MAGE-A4 and Glioma Research

Research has found statistically significant differences in MAGE-A4 expression in gliomas compared to normal brain tissue. The characteristic of MAGE-A4 not being expressed in normal somatic cells outside testicular tissue provides a theoretical basis for applying MAGE-A4 as a specific target antigen in glioma immunology research. MAGE-A4 mRNA expression is significantly higher in high-grade gliomas (grades III-IV) than in low-grade gliomas (grades I-II), suggesting that MAGE-A4 may be associated with malignant differentiation of gliomas and could serve as a reference indicator for assessing malignancy or for evaluating KPS scores and pathological grading in glioma patients. MAGE-A4 is specifically expressed in brain glioma tissues and significantly correlates with pathological grade, while showing no expression in normal brain tissue. Therefore, MAGE-A4 can be an ideal target for brain glioma immunology research.
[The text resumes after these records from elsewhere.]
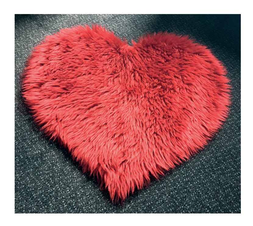
Picture yourself standing on a place of the Father's love for YOU, his heart for you.
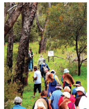
Visitors enjoying our national and regional parks.
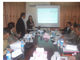
Members of the Trade Policy and Market Access Team of IZDIHAR delivered the course on intellectual property rights.

the northern part of Iraq. The business community, intellectuals, authors, singers and artists of the region have all expressed a strong interest in having this kind of training.
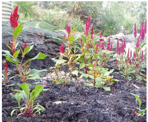
Above: Celosia planted as a border in the vegetable patch
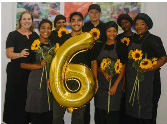
The amazing Pebbles Kitchen team celebrating an incredible milestone.
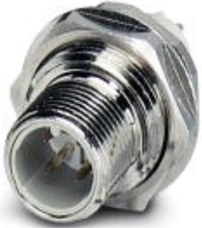
Sensor/Actuator flush-type plug, 4-pos., M12, A-coded, rear/screw mounting with Pg9 thread, with straight solder connection

Please be informed that the data shown in this PDF Document is generated from our Online Catalog. Please find the complete data in the user's documentation. Our General Terms of Use for Downloads are valid ( http://download.phoenixcontact.com )

MAGE-A4 and Esophageal Squamous Carcinoma Research

Using qPCR and immunohistochemistry methods, researchers found that in esophageal squamous carcinoma, the expression rate of MAGE-A4 reaches 50%, while expression levels are lower in atypical tissues and normal esophageal mucosa. This finding not only highlights the strict tumor expression specificity of the MAGE-A4 gene in esophageal squamous carcinoma but also confirms its potential role in the development of esophageal squamous carcinoma. Therefore, the MAGE-A4 gene can serve as a specific marker for esophageal squamous carcinoma, providing strong evidence for accurate clinical research.
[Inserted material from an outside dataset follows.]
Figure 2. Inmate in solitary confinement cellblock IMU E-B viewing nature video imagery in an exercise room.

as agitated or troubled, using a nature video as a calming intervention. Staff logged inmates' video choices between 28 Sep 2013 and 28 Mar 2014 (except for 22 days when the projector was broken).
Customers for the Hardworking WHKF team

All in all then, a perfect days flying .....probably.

MAGE-A4 and Other Tumor Research

Research shows that MAGE-A4 plays important roles in various tumors. For example, after silencing the MAGE-A4 gene expression in the lung squamous cancer cell line H1703 using small RNA, caspase-3 activity decreased by 58%. Another study on rectal cancer patients demonstrated the effectiveness of MAGE-A4 antigen peptide treatment, resulting in significantly reduced tumor growth rate and carcinoembryonic antigen levels. Additionally, a study of 187 non-small cell lung cancer patients showed that MAGE-A4 expression in tissues might lead to the loss of human leukocyte antigen HLA, resulting in significantly reduced 5-year survival rates. In esophageal cancer tissues, MAGE-4, MAGE-12, and NY-ESO-1 show varying degrees of expression, while they are not expressed in normal tissues adjacent to esophageal cancer. Furthermore, MAGE-A forms a molecular bridge with AR in prostate cancer, promoting AR transcriptional activity and subsequently promoting the growth of AR-dependent prostate cancer.
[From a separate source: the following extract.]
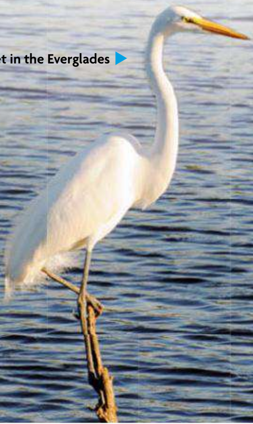
An egret in the Everglades

Write a short essay about why tourism is important to our state.
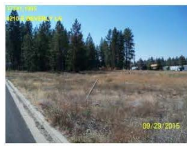
4217 E Beverly Lane Parcel # 37341.1609

Clinical Research Prospects for MAGE-A4

Currently, 19 drugs targeting MAGE-A4 are in clinical research, with the most advanced being Afamitresgene Autoleucel, a TCR cell therapy that has entered phase III clinical trials for treating synovial sarcoma, esophageal cancer, and myxoid liposarcoma. Other drug types include bispecific antibodies, recombinant proteins, cell therapies, fusion proteins, and T-cell therapies. These drugs commonly target MAGE-A4, with some also targeting other targets such as CD3, MAGEA8, NY-ESO-1, PRAME, SSX2, survivin, WT1, HLA-A 24, CCL19, IL-7, and others.

The mechanisms of action for MAGE-A4-targeted drugs primarily involve regulating or inhibiting the expression or function of MAGE-A4 or other targets to induce tumor cell apoptosis or inhibit tumor growth and metastasis. Some drugs also function by enhancing immune system responses or replacing damaged cells. These drugs are primarily being researched for various types of tumors, such as melanoma, bladder cancer, non-small cell lung cancer, and head and neck tumors. Some drugs are also being investigated for other indications, such as hematological and lymphatic system diseases, digestive system diseases, and respiratory system diseases. The development of MAGE-A4-targeted drugs demonstrates their activity and diversity, highlighting the important position and prospects of this target in tumor immunology research.